Dziś przy okazji walnego zgromadzenia w Casa Milan odbyło się spotkanie Marco Fassone i Massimilano Mirabellego z udziałowcami Milanu, którego głównym celem było omówienie sytuacji drużyny na nowy sezon. Prezes Milanu podtrzymał idee wyrażone w ostatnich tygodniach dotyczące wzmocnienia zespołu.
Aby Milan mógł powrócić na szczyt, zespół musi zostać poważnie wzmocniony, a to wiąże się ze znacznymi wydatkami. Dogmat ten był w ostatnich latach często pomijany (aktualne było założenie wydatkowania niskiego budżetu i liczenie na korzystne wyniki). Tylko planowanie średnio i długoterminowe może doprowadzić do korzystnych zmian. Fassone wyraził zdanie, iż 2/3 nowych nabytków powinno dołączyć do Milanu już na początku lipca.
Innym kluczowym punktem był temat wynagrodzeń. Dyrektor Zarządzający Milanu pokreślił, że Milan nie będzie oferował gigantycznych zarobków, które wykraczałyby poza etykę, ale nieuniknione są sytuację, że pewne maksymalne limity mogą zostać przekroczone. Przeszłość nauczyła, że często zawodnicy, którzy uważani byli za mistrzów, otrzymywali ogromne sumy, ale niekoniecznie odpłacali się świetnymi występami. Pensje na pewno wzrosną, jednakże będą oparte o ambicję w drużynie i stawki będą musiały mieć pewną logikę.
Poruszona została również sytuacja budowy nowego stadionu. Zgodnie z wyjaśnieniami Fassone, Milan chciałby wybudowac obiekt o pojemności mniej więcej dwa razy większej niż stadion Juventusu. Mowa o 55.000 - 60.000 miejsc siedzących. W ciągu maksymalnie czterech lat klub ma zamiar rozwiązać problem stadionu.
Donnaruma
Conti musachio romek ricardo
Kessie loca
Suso 10tka bona
Belotti
Jeśli chodzi o skrzydła, to gdyby nie wyszło z Deulofeu lub Keitą Balde, to ciekawą alternatywą jest Politano z Sassuolo, który gra niezły sezon. Istnieje też opcja Navasa z City, któremu w czerwcu kończy się kontrakt. Nie jest on jakiś wspaniały, ale myślę, że na ławę by się nadał.

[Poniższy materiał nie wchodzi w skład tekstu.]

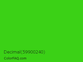 Decimal 59900240 Color is a normal green color and the nearest color is Harlequin Green #46cb18. Hex code #3bd116 and RGB value is rgb(59,209,22). In RGB color space, this color is composed of 23% red, 82% green, 9% blue, In CMYK color space, this color is composed of 72% cyan, 0% magenta, 89% yellow , 18% black , In HSL color space, this color has a hue angle of 108° , 81% saturation and 45% lightness.
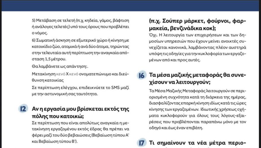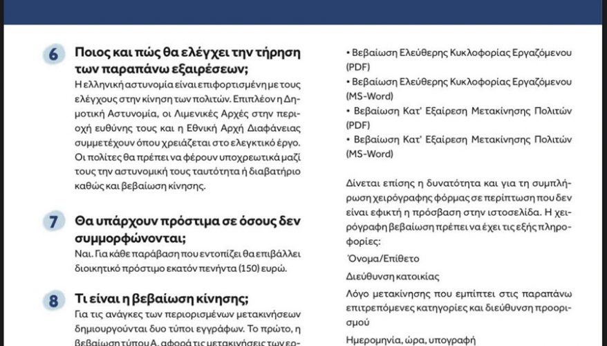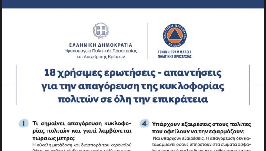 Όπως εξήγγειλε ο Πρωθυπουργός, από αύριο ισχύουν ακόμα πιο αυστηρά μέτρα περιορισμού της κυκλοφορίας. Κάθε μετακίνηση που δεν είναι πραγματικά αναγκαία, απαγορεύεται. Μέτρο σκληρό αλλά απολύτως αναγκαίο. Στις ερωτήσεις και απαντήσεις που ανεβάζουμε, μπορείτε να βρείτε όλες τις αναγκαίες πληροφορίες.
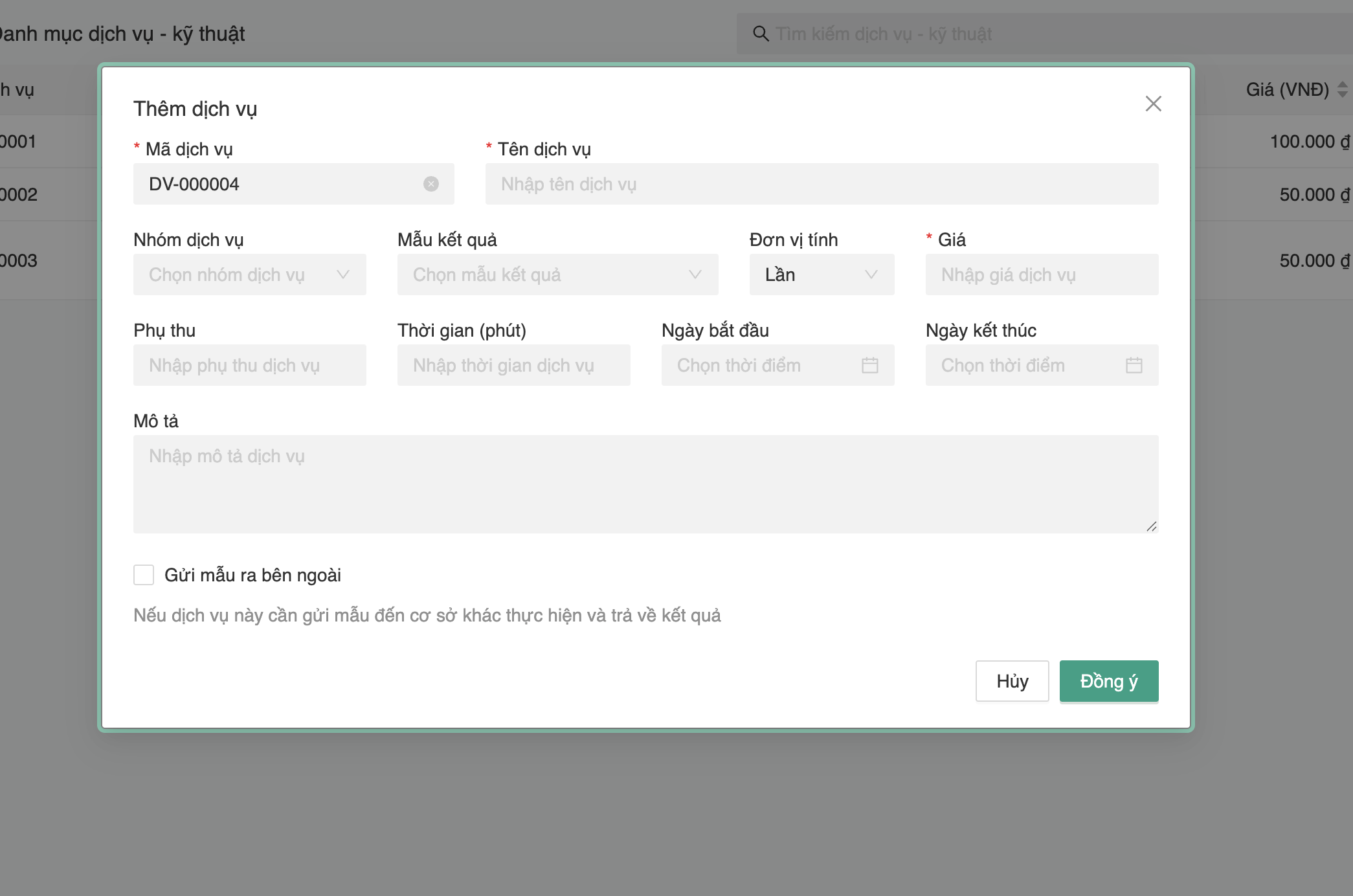 1. Khai báo danh mục dịch vụ kỹ thuật
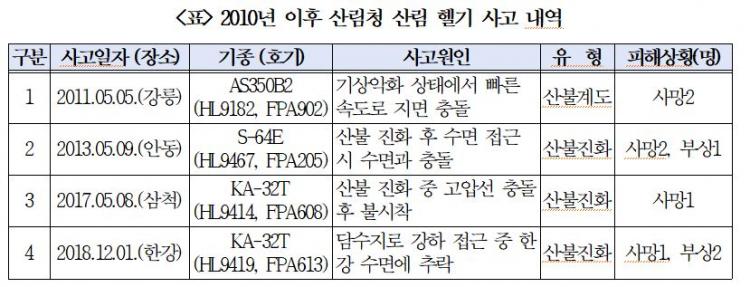ƯÈ÷ 2017³â 5¿ù »êºÒ ÁøÈ Áß Ãß¶ôÇÑ ·¯½Ã¾Æ»ê KA-32T Çï±â(HL9414)´Â 1995³â¿¡ Á¦À۵Ǿî 22³â°£ ¿î¿µµÆ°í, 2018³â 12¿ù »êºÒ ÁøÈ¸¦ À§ÇØ ÇѰ Àαٿ¡¼ ´ã¼öÇÏ´ø Áß Ãß¶ôÇÑ ·¯½Ã¾Æ»ê KA-32T Çï±â(HL9419)´Â 1997³â¿¡ Á¦À۵Ǿî 21³â°£ ¿î¿µµÆ´Ù.
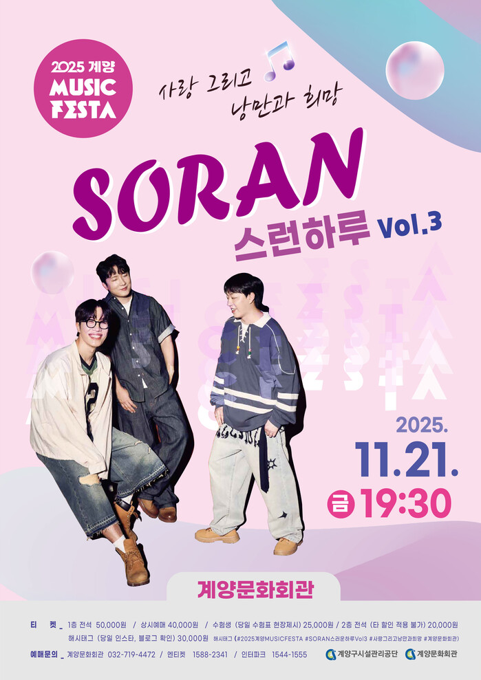 [인천=문찬식 기자] 인천 계양구시설관리공단(이사장 박성민)은 오는 11월 21일과 22일, 28일 ‘2025 계양 뮤직 페스타(MUSIC FESTA)’ 콘서트 3종을 계양문화회관에서 선보인다.
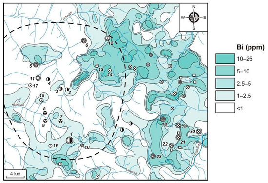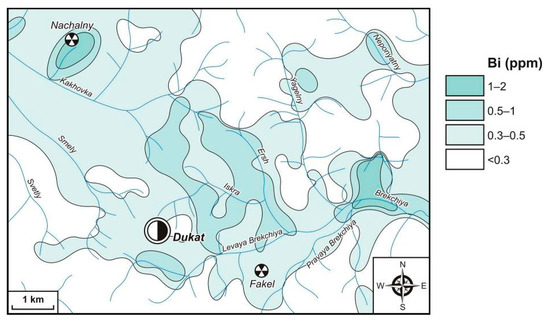 Bismuth forms exogenous AGFs (Figure 14) that are significant in size and contrast. Low-contrast Bi fields (CR < 10) are not considered here due to the poor Bi detection limit of the SSQA method (1 ppm). The highest-contrast Bi AGFs (5–25 ppm, CR = 50–250) in the area of the Dukat Au–Ag OFS are located near the north–eastern border. They are confined mainly to the Sn–Ag objects—the Novo-Dzhagyn deposit and the Razny and Finalny prospects. In addition, fields of such contrast were identified in sites where ore objects are not known. Sn–Ag objects of the Dukat OFS’s western part (Maly Ken deposit and Tovarishch, Severny and Shorokh prospects) are characterized by significantly lower-contrast Bi fields (<2.5 ppm, CR < 25). The same fields are related to Au–Ag and Ag–Pb objects. The only exception is the Mechta Ag–Pb deposit, in which the Bi concentrations in LSSs reach 10 ppm (CR = 100). Outside the Dukat OFS, the Bi fields of anomalous concentrations are widely developed and confined to Sn, Sn–W, Mo–W and (in the south) Sn–Ag objects. The maximum anomalous fields with the content of 5–25 ppm (CR = 50–250) are more prevalent here than within the Dukat OFS.
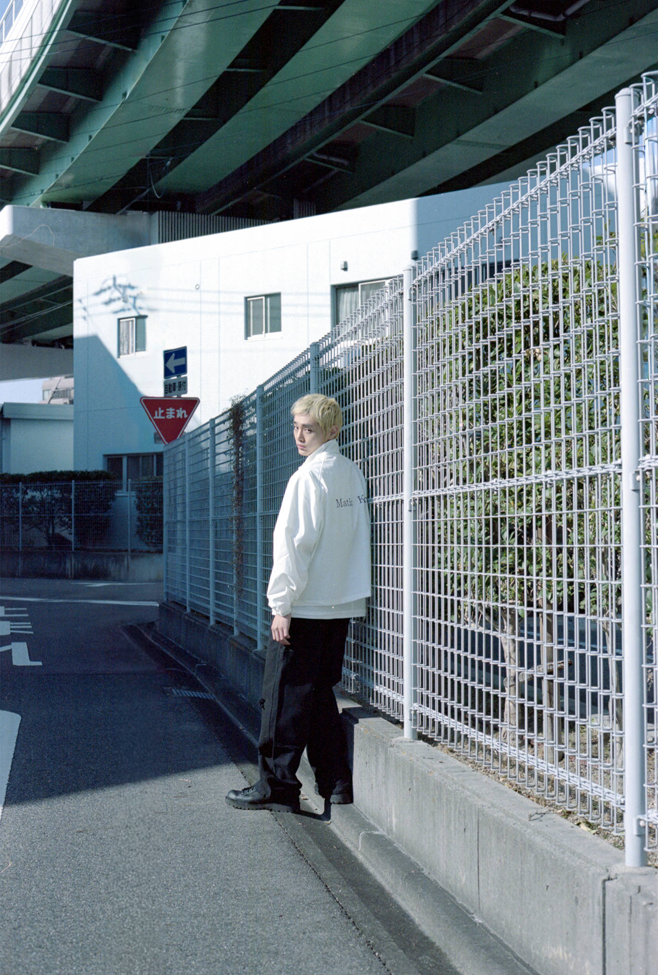 一方、JEYさんはロゴプリントと配色ステッチが効いたホワイトのコーティングジャンパーに、白のロゴトップスを重ね、ブラックのワークパンツで引き締める。軽やかなホワイトと無骨なボトムのコントラストが、ストリートらしいバランスを生み出している。
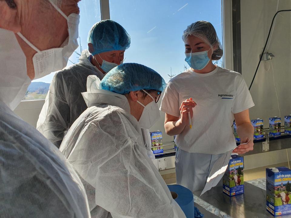 Marie-Guite Dufay, présidente de Région, a inauguré lundi 28 février 2022 une ligne de production de lait UHT de pays franc-comtois, à Flagey (25).
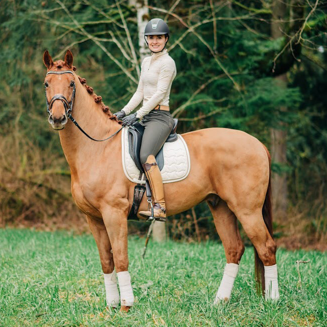 Claire began riding at the age of 2 and was riding dressage movements on her pony, Daisy, at the same time she was learning to read and write. Earning her Bronze Medal at age 13 and her Silver Medal at age 15, Claire has successfully competed several horses at the FEI levels. In 2016, she earned her Gold Medal and Gold Freestyle Bar on her own Calimar, whom she has owned since he was a yearling. Claire’s primary competition horse, Harrold S, was named 2017 USDF Horse of the Year at Training Level and Materiale with median scores over 82%, in addition to Reserve Champion at First Level with a median score over 79%. In 2018, the pair were invited to the USEF Development Program and also travelled to the Pacific Regional Dressage Championships in British Columbia, where they won the Foreign Rider Championship with scores to 75% at Third Level. This year, they are competing at Fourth Level, earning High Point Champion awards with scores to 77%.
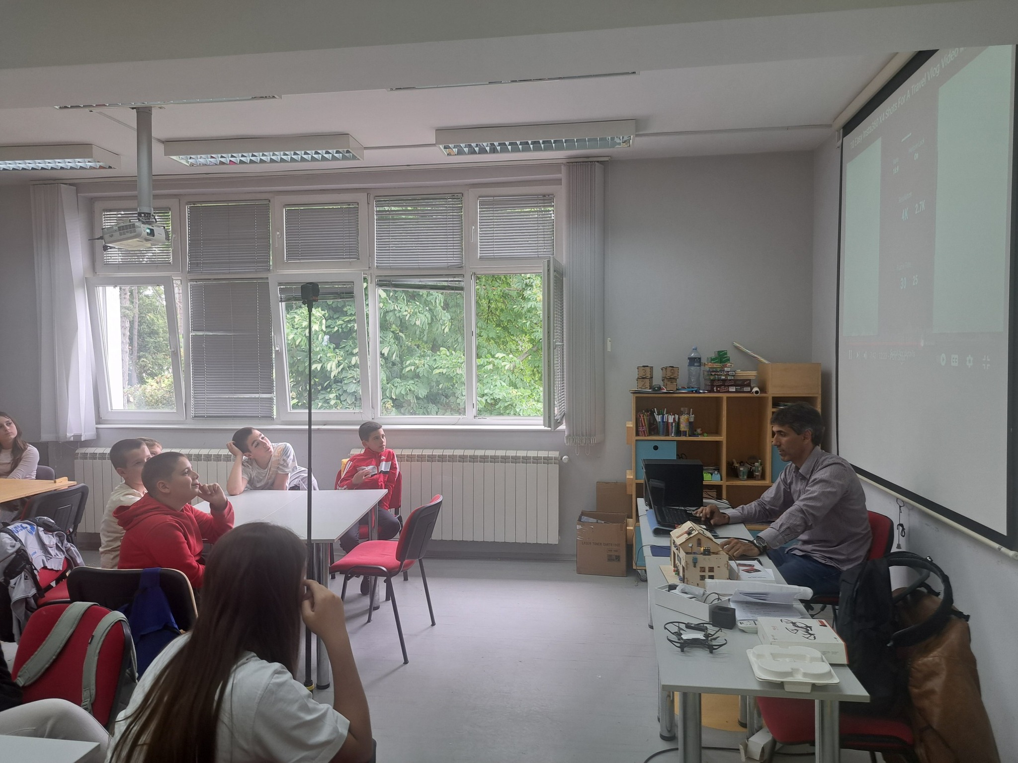 Za početak se diskutovalo sa učenicima o njihovom iskustvu korišćenja raznih kamera. Objašnjenje koncepta 360°, snimanja i predstavljanje funkcija i mogućnosti Insta 360° kamere. Vežbe za pravilno poziciranje kamere, saveti za snimanje urbanih okruženja u 360° formatu.
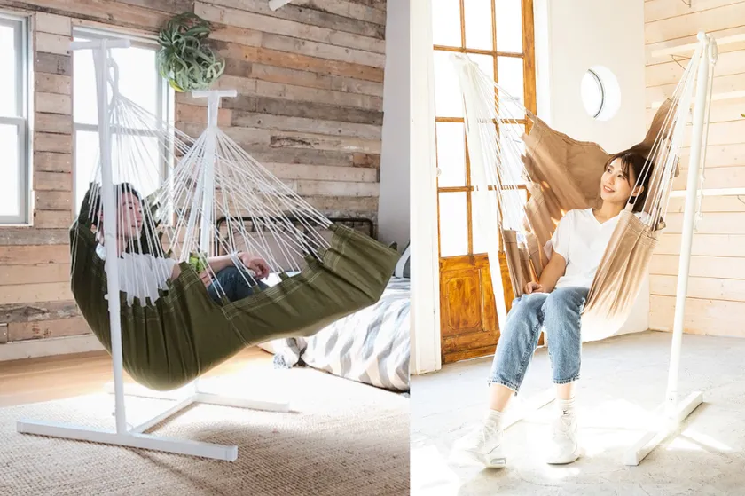一人でゆっくりくつろげるチェア型ハンモックなら、1畳にも満たない省スペースでお部屋の一角が極上の癒し空間に。
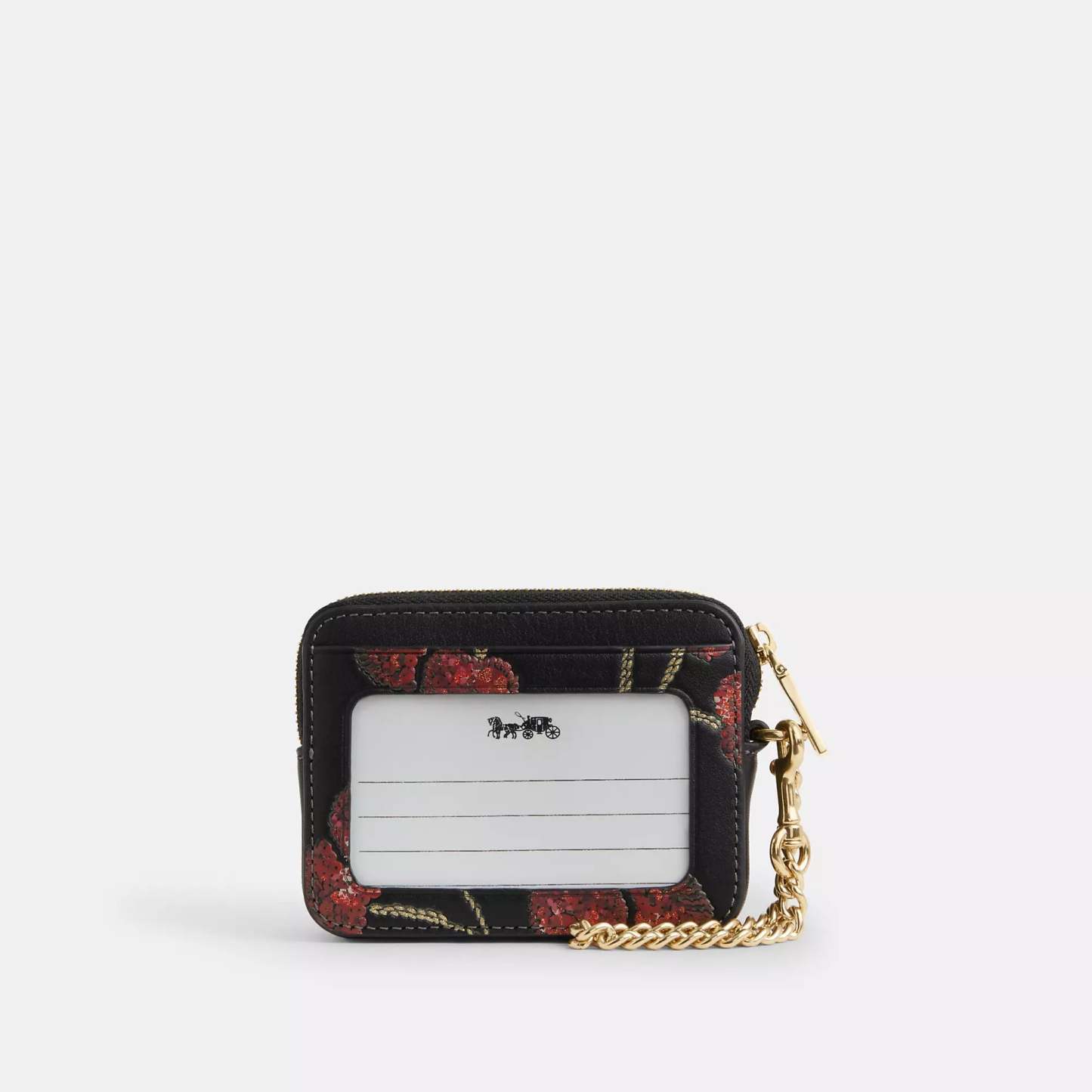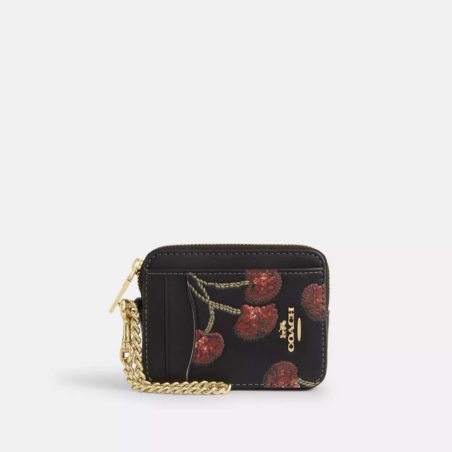 Smooth leather Two credit card slots ID window Open pocket Zip compartment Chain wrist strap with dogleash clip attached 3 (L) x 4 1/4 (H) x 3/4 (W) Style No. CDF99 | Coach Outlet Zip Card Case With Cherry Print - Black
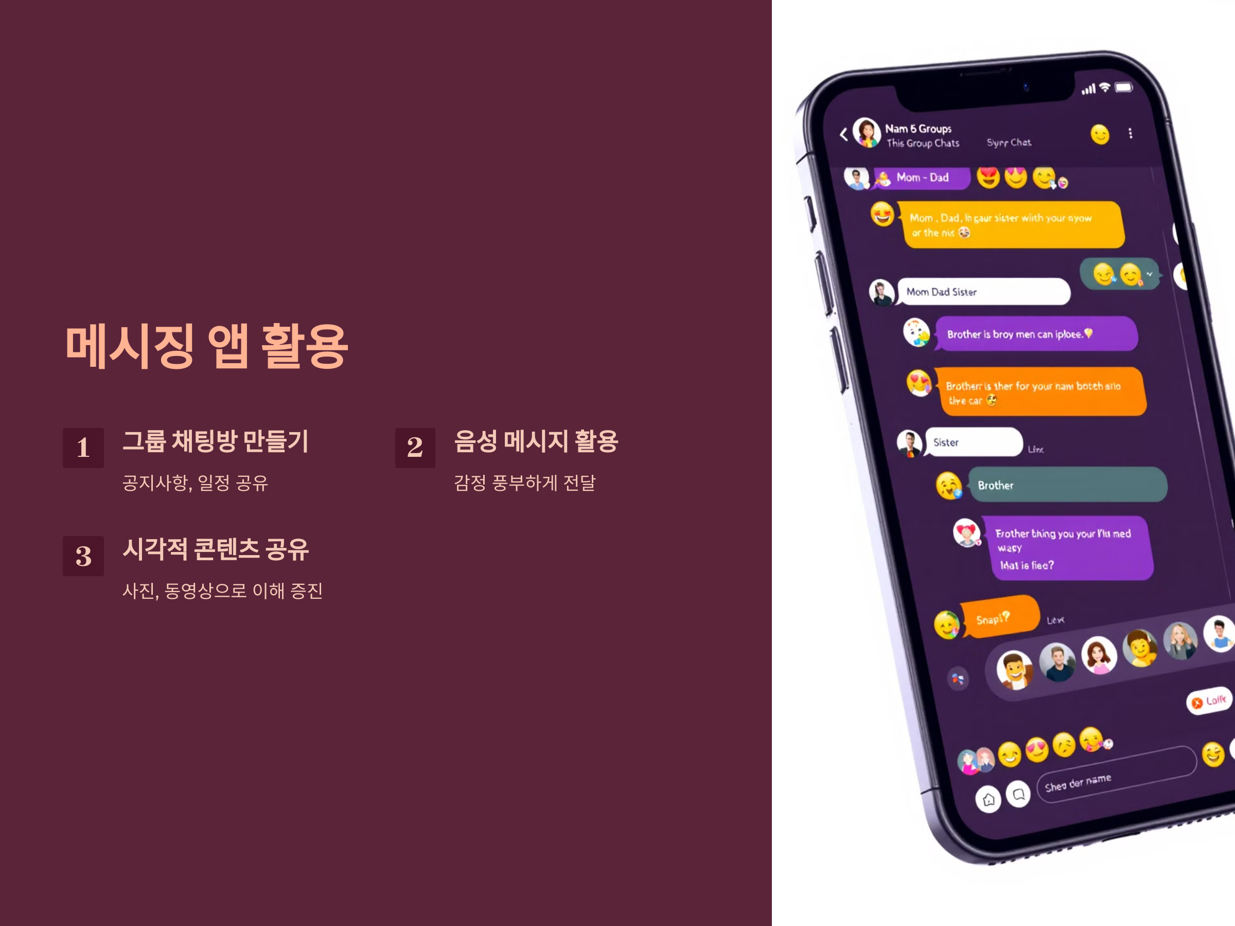 가족 간의 소통에서 가장 기본적이고 중요한 도구는 바로 메시징 앱입니다. 카카오톡, 텔레그램, WhatsApp 등 다양한 메시징 앱은 간단하게 텍스트 메시지, 사진, 동영상을 주고받을 수 있는 강력한 기능을 제공합니다. 하지만 단순히 "안녕하세요?"와 같은 텍스트 메시지만 주고받는 것에서 그치지 않고, 보다 효과적인 소통을 위해 몇 가지 팁을 소개합니다.
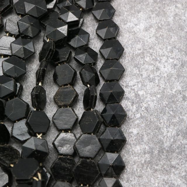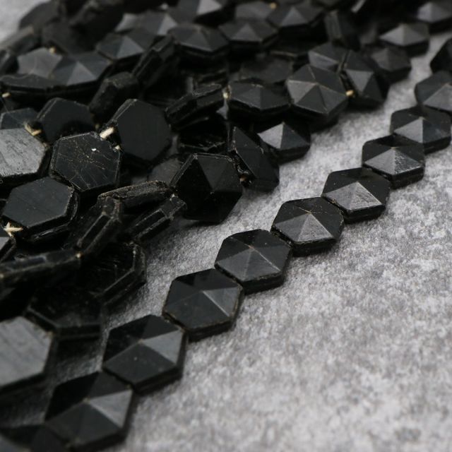 糸通しフランスヴィンテージビーズ ブラック 六角形 約9mm【1連約25個】

Niestety jeśli prezes Torino nie zgodzi się na raty, to mamy małe szanse na ściągnięcie Belottiego. Może stać by nas było na Alexisa Sancheza, który może grać na szpicy, ale ten będzie miał dużo ciekawsze propozycje. Osobiście chętnie zobaczyłbym u nas Schicka z Sampy.
Alexis, ....wole belottiego.
Politano ok.
Mysle i mysle kogo na 10tke i wielu sie zdziwi ale honda wkoncu moglby zagrac na swojej nominalnej pozycji, na tej w ktorej gral w cska i bym mozgiem zespolu
Yonghong Li>Han Li>Marco Fassone>Massimiliano Mirabelli
Na miejsce Gallianiego wskoczyl Fassone. Mirabelli to taki Maiorino z tym ze nie pozostajacy w cieniu tego wazniejszego.
Li Han to prawa ręka Yonghonga, to on więcej się kontaktuje z mediami i zarządem oraz nadzoruje to, co się dzieje w klubie.
Marco Fassone to szef zarządu, taki właśnie Galliani. On za wszystko odpowiada, on podejmuje decyzje, a panowie Chińczycy po prostu oceniają jego pracę i jak im się nie spodoba to mogą go wyrzucić i znaleźć kogoś innego na jego miejsce.
Mirabelli jest pod Fassone, ale chyba w praktyce jest kimś więcej niż był Braida czy Maiorino. Wygląda na to, że Galliani lubił dużo działać w pojedynkę, a ci dwaj panowie mocno współpracują ze sobą.